**Goal of the exercise**
Pictures are to be left out, and only the lines below starting at the one with "El efecto destructivo" and ending at the one with "Swiggy Ltd. (Consumer" are to be reproduced, each exactly, both ends included.

**Records for the task**
◇ ◇ ◇ ◇ ◇

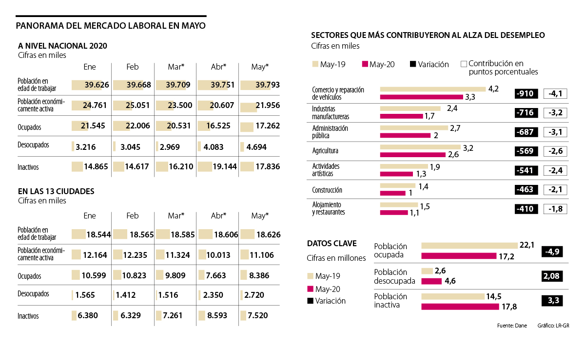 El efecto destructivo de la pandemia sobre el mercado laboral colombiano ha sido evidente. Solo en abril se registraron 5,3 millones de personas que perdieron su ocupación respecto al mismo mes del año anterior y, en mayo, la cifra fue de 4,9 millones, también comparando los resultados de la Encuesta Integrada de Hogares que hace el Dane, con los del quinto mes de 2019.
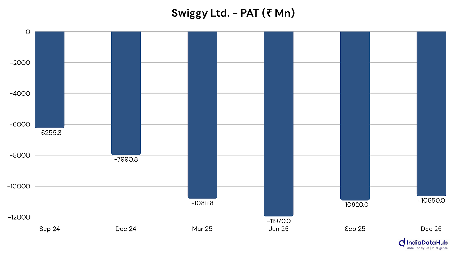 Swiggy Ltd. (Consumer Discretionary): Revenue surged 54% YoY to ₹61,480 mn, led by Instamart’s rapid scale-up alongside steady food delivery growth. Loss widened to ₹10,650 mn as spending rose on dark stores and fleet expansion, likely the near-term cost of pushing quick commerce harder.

◇ ◇ ◇ ◇ ◇

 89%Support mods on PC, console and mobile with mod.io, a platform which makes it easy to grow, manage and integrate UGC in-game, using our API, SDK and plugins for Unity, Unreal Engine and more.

◇ ◇ ◇ ◇ ◇

**Task answer**
 El efecto destructivo de la pandemia sobre el mercado laboral colombiano ha sido evidente. Solo en abril se registraron 5,3 millones de personas que perdieron su ocupación respecto al mismo mes del año anterior y, en mayo, la cifra fue de 4,9 millones, también comparando los resultados de la Encuesta Integrada de Hogares que hace el Dane, con los del quinto mes de 2019.
 Swiggy Ltd. (Consumer Discretionary): Revenue surged 54% YoY to ₹61,480 mn, led by Instamart’s rapid scale-up alongside steady food delivery growth. Loss widened to ₹10,650 mn as spending rose on dark stores and fleet expansion, likely the near-term cost of pushing quick commerce harder.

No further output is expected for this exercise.